I had no idea what I was doing and wasn't in a frame of mind to learn.

Over the next year, that first group of 8th graders taught me more about who I was as a person and a teacher than I could have hoped.  Without them, their humor, anger, creativity, kindness, fashion, problems and strengths, I don't know I would be who I am today.

At the end of that year, I became one of the chaperones on the 8th grade field trip and continued to do so for all 4 years that I taught 8th grade.









Last year, our district announced a reorganization of the schools.  The 7th and 8th grade were moved up to the high school.  I was once again reassigned.  This time, I was being moved from 8th grade mathematics to 11th and 12th grade science, specifically Astronomy and Physics.

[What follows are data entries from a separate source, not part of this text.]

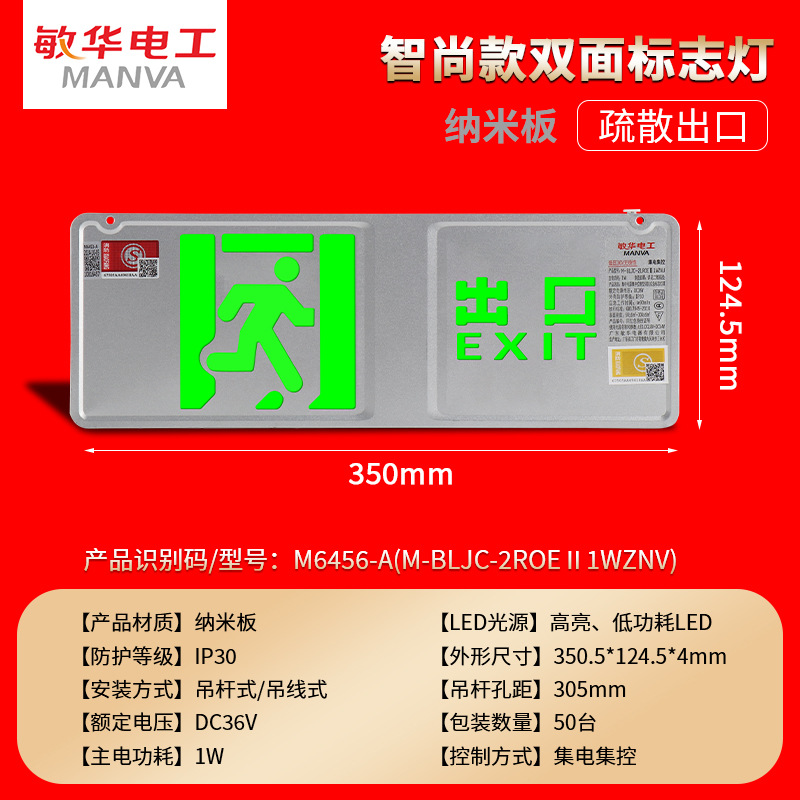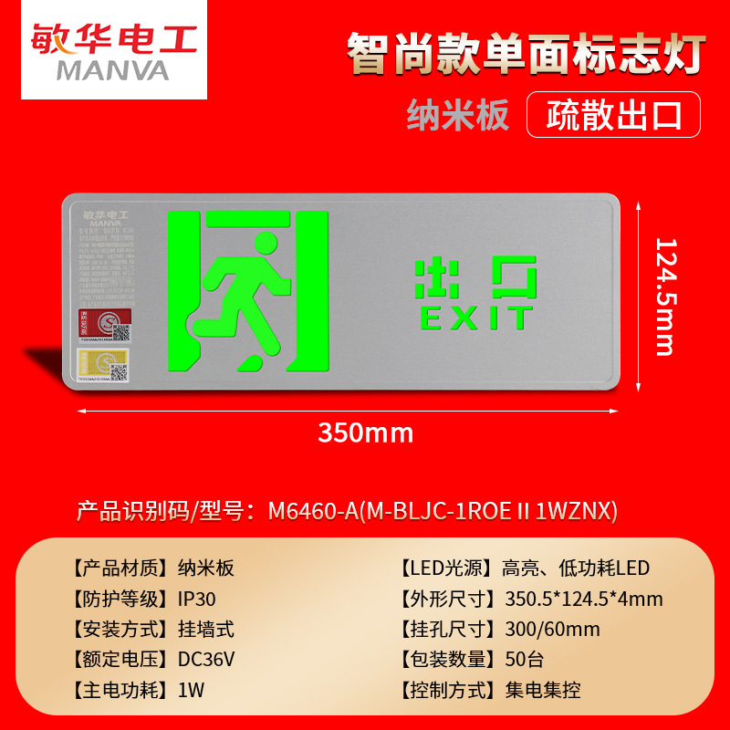Minhua Zhishang 로고 조명 중앙 집중식 전원 공급 장치 스테인레스 스틸 나노 플레이트 화재 비상 조명 안전 출구 표시 등스토어 가기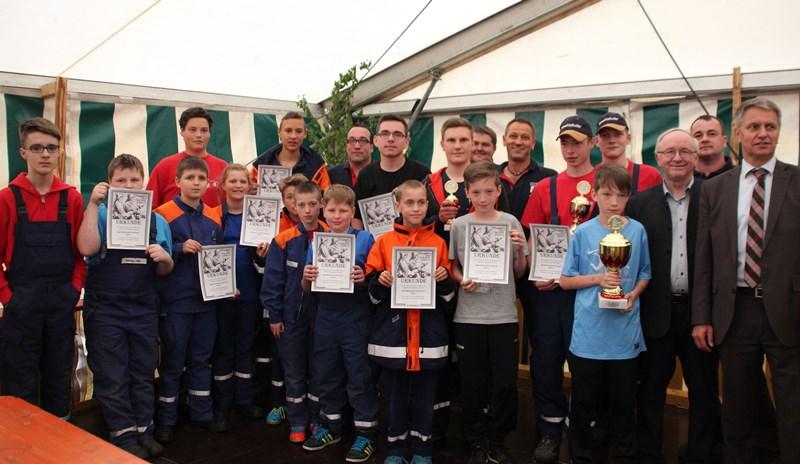 45 Jugendliche aus Baden, Bayern und Hessen hatten aufgeteilt in neun Mannschaften an neun Stationen mit feuerwehrtechnischen Übungen und mittels eines Fragebogens ihr Können unter Beweis gestellt und wurden mit Urkunden und Pokalen belohnt. Bürgermeister Dr. Rippberger hob zur Prämierung die hervorragenden Leistungen des Feuerwehrnachwuchses hervor.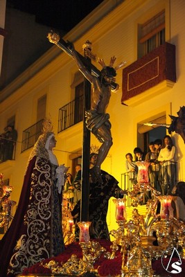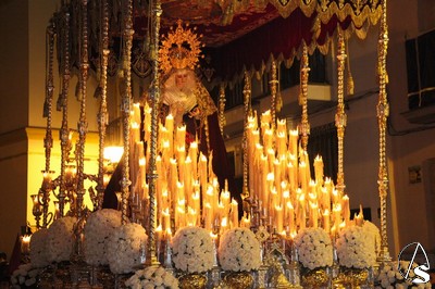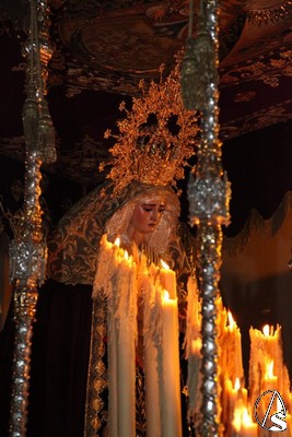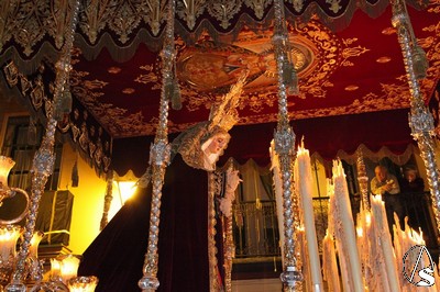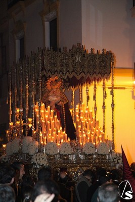 La Virgen del Buen Fin esmeradamente bella, afligida por el dolor de Jesús, continuó bajo Palio el camino de su hijo hasta la Parroquia de San Martín. Las marchas procesionales de la Filarmónica de Pilas le acompasaron en todo momento.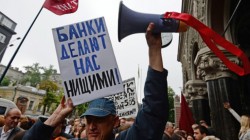 В конце августа активисты уже проводили массовый митинг "Валютный бунт" у здания Национального банка Украины в Киеве и возле региональных отделений НБУ. Заемщики требовали прекратить спекуляции на валютном рынке, из-за которых падает курс гривны, что делает невозможным выполнение ими кредитных обязательств перед банками.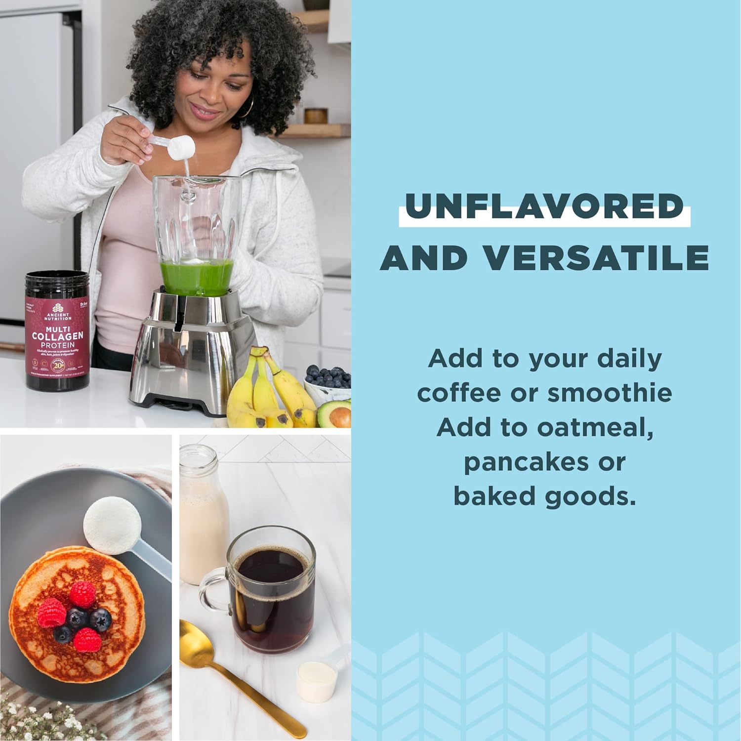 About this itemnContains 10 types of collagen from 4 real food sources – beef, chicken, fish and fermented eggshell membrane; Delivers full-body benefits for healthy hair, skin, nails, joints and gut.nMade with proprietary fermented eggshell collagen, which is shown to reduce exercise-induced discomfort. Fermentation boosts the bioavailability of nutrients, making it easier for your body to absorb them.nEnhanced with soil-based organism (SBO) probiotics to support healthy gut flora and digestive function: Get 200% of your daily recommended value of antioxidant-rich vitamin C and 4B CFU* probiotics in 2 scoops.nEasy to use – just add 2 scoops to water, smoothie, protein shake or coffee; Mixes easily in hot and cold liquids; Non-GMO, grass-fed, pasture-raised and cage free, made without hormones or chemicals, gluten and grain free.nOur formulas are informed by ancient wisdom and backed by modern science; We use clinically-studied ingredients, backed by research and tested by accredited 3rd party labs for efficacy, GMP Certified for safety and all products are made in the U.S.A.

As much trepidation as I felt about the move to new classes in a new grade in a new department with new coworkers in a new building, I was also excited to be teaching a subject for which I have great passion and interest.

On top of this, because I had taught 8th grade for 4 years, I would now know students in grade 9-12.

The 9th graders who had just left my class were (somewhat) happy to see me.  The 10th graders who were in my first geometry class were (mostly) happy to see me.

The juniors and seniors remembered who I was while the students in that first class of 8th graders would stop by regularly to say hello and see how I was doing.

They would stop in my room and tell me stories that they remembered from my class, things that I said and did, jokes that we had.

It was amazing to me to see how they had grown.  Students with whom I had had problems in 8th grade were totally different people.  They also thought the same about me.

It was remarkable to see the changes that they had gone through and to realize the changes that I had gone through as well.

Many of them were becoming my friends and I loved seeing them every day.  This was this group of students who by far the most supportive of my teaching style, often convincing others to go along with my craziness, including High Five Friday.

Over the last 4 years, they had grown from boys and girls into men and a women.  They had jobs, cars, bills and were getting ready for college and life.

Last night, my first group of 8th graders graduated.

My assignment for the event was to take tickets at the handicapped entrance to the field, which much to my joy, was also the entrance for the graduating students.

After assisting their family members, shaking hands with the superintendent and blocking off the road for the late family members, the graduates came out of the building, passing my position in 2 lines.

How lucky were they to be graduating on a Friday!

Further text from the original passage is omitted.